Not necessarily so - well designed class structures in C++ can and often will result in a smaller memory footprint than a traditional C application - stress being on well designed!

A case in point was some code I wrote back in the day (early noughties) in C++. I had to re-implement it in C for one platform whose C++ compiler was not brilliant so the client said it had to be in C. The C code was about 50% larger and had a slightly larger working set (and yes I did work hard to keep both size and working set down).

Multiple inheritance - probably the less used the better - it's one of those things in C++ that can really ruin your week. There are some situations where it can be helpful, but I've seen too many cases of slicing to want to use it unless I am caught between a rock and hard place, and generally there's a better way.

Stupidly long compile times - if you don't use PImpl classes and other good OOD practices, you deserve to suffer!

David

-----Original Message-----
From: [email protected] [mailto:[email protected]] On Behalf Of Reginald Beardsley via groups.io
Sent: 25 April 2020 00:56
To: [email protected]
Subject: Re: Decline, was Re: [HP-Agilent-Keysight-equipment] new File called App notes

At USENIX '95 in NOLA I got a 1.44 MB Plan 9 floppy with the OS, windowing system, editor and basic command line utilities and full Unicode support.
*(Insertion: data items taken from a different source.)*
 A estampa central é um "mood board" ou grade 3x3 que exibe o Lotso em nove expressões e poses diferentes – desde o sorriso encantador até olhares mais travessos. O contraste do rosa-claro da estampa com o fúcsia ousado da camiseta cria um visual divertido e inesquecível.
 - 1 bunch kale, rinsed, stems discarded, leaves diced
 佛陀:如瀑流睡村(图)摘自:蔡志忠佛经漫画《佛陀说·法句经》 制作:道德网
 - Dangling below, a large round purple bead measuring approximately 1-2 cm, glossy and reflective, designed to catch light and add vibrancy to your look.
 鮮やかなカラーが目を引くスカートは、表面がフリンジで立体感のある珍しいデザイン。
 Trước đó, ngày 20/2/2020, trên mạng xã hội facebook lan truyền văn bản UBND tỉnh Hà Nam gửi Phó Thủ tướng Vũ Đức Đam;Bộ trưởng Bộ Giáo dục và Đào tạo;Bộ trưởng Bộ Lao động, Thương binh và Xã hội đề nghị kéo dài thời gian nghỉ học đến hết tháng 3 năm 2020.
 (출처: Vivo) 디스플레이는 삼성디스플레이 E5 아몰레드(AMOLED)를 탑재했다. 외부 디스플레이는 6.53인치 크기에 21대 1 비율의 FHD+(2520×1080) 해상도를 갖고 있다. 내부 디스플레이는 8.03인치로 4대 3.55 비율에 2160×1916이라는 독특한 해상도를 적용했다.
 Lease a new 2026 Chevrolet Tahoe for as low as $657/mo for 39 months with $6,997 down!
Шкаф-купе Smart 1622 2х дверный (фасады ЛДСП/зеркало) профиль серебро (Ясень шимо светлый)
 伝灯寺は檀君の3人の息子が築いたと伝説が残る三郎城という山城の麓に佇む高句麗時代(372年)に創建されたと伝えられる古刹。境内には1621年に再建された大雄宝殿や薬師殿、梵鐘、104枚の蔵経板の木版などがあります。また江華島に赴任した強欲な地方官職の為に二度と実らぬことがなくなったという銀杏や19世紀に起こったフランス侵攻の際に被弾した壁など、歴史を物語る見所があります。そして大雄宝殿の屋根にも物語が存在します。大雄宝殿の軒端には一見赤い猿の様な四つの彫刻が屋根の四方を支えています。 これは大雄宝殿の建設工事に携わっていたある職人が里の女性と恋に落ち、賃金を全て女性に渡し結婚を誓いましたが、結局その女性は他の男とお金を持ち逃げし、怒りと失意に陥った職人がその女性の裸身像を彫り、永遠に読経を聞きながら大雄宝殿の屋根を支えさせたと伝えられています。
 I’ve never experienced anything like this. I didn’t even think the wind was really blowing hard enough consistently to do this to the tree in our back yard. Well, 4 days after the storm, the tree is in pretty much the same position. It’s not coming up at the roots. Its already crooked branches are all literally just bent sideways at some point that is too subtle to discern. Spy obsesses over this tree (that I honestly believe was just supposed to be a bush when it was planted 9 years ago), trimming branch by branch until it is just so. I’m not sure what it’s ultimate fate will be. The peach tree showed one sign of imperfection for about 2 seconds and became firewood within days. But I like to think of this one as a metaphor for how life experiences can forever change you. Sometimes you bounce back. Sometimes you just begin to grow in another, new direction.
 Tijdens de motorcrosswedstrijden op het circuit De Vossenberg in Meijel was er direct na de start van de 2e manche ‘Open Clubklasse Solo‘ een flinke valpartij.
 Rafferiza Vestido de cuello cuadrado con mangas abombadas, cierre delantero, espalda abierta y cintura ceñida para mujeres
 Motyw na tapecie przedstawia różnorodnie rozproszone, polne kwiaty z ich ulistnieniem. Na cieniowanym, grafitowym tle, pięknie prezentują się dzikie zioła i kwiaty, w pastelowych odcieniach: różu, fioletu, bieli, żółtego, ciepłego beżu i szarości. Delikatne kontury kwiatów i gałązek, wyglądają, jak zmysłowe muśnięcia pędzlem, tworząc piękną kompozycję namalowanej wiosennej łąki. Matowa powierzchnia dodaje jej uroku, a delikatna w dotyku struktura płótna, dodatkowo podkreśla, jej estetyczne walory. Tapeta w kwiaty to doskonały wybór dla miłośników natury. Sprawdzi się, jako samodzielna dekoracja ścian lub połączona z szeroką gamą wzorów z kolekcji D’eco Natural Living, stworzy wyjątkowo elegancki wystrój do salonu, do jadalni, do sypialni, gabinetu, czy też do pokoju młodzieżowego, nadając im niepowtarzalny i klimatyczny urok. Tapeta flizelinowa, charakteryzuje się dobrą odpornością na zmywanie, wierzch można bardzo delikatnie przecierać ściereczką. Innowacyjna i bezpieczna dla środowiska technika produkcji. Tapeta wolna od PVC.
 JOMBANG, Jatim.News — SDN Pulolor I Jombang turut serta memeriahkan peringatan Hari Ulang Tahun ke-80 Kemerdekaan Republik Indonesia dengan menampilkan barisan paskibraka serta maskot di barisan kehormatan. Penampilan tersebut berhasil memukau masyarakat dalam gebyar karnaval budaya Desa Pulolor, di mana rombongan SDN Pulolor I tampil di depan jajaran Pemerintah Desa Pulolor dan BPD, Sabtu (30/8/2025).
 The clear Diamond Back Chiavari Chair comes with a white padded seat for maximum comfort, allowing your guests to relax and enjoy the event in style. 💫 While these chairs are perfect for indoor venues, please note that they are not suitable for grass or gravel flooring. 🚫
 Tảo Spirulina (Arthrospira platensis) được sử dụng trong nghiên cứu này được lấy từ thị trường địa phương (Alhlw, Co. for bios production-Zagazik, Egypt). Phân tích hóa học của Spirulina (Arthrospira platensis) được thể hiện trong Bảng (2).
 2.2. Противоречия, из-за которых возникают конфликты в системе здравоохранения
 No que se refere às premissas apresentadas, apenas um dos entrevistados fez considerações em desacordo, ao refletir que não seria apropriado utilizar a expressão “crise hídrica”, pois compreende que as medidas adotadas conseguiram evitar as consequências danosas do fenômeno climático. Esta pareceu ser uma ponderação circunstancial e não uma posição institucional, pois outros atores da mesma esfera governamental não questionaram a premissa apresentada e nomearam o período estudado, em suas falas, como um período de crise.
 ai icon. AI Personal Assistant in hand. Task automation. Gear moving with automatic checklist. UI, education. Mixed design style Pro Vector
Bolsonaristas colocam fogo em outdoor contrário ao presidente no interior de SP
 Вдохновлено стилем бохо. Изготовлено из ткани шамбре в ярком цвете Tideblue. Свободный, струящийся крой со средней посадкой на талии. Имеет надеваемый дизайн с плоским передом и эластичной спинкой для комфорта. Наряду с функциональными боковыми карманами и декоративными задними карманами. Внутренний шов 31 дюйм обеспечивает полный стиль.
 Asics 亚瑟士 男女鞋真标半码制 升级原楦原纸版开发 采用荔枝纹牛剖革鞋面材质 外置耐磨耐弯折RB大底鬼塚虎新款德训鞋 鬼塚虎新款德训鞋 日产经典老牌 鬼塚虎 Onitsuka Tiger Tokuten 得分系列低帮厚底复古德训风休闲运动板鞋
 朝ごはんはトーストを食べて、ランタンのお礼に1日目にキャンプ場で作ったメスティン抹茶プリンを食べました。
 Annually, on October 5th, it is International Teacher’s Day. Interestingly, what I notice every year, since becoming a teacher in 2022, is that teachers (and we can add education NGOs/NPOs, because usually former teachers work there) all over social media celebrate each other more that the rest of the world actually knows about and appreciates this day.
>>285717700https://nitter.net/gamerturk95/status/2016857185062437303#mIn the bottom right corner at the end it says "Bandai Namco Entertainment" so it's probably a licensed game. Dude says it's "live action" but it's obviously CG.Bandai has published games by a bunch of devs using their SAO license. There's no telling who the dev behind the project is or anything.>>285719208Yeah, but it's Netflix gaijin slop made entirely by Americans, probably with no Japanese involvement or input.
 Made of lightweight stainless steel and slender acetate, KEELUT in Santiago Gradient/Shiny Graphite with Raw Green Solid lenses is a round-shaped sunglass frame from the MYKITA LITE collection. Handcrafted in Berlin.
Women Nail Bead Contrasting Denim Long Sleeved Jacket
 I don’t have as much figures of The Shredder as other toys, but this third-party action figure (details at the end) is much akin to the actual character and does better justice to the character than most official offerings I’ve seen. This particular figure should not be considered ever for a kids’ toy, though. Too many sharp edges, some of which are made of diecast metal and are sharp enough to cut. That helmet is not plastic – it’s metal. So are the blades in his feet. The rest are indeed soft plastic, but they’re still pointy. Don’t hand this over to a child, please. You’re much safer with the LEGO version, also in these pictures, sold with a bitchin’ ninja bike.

I was very interested in Plan 9 because it intended to support 35,000 users. However, I had a long chat with Dennis Ritchie who told me that they had not implemented that yet and had been diverted to other projects. It was very different, but quite amazing. And is still running on a huge machine at one of the national labs.

The major culprit in bloat is OOP. Tables of pointers to tables of pointers to tables of pointers. In feature rich classes, all those tables of pointers take up a huge amount of memory.

My professional experience led me to conclude that very few programmers actually have any grasp of what the machine is doing when they write a line of code.

Worse than that, if multiple inheritance is used it will require reading *all* the source code, the C++ language standard and the compiler implementation notes to determine what

A = B + C;

actually does. In such cases, the order of execution of constructors is "implementation defined". And the "+" operation is dependent upon the inherited traits of A, B & C and the perversity of the programmer.

This is why I do not use C++ and will not work on C++ codes. I've brought 2.5 million lines of old C & FORTRAN back from the dead and never failed. I've never gotten a C++ code which was more than 1-2 years old to compile. It's probably better now as I've been retired from such misery for 15 years. But I've made very old C and FORTRAN codes run and fixed the bugs. Fundamentally because I knew exactly what the machine was supposed to do when it encountered a statement.

I once wrote a string substitution in C and C++. Very simple, replace "aaa" with "bbb". The C version was 2/3 of a page. The C++ version took 3 pages. At the start of the project I posted a page from the book by John Lakos on large C++ systems where he pointed out the issues with pathological linker dependencies. It was ignored and I took it off my door after a few weeks. About 3 months later, the entire project ground to a complete halt as it would no longer compile overnight leading to urgent team meetings to fix the problem. I was quite amazed when one of the C++ developers pulled a copy of the page that had been on my door some months earlier out of his desk drawer. The team lead and the $100/hr C++ guru had ignored it.

Reg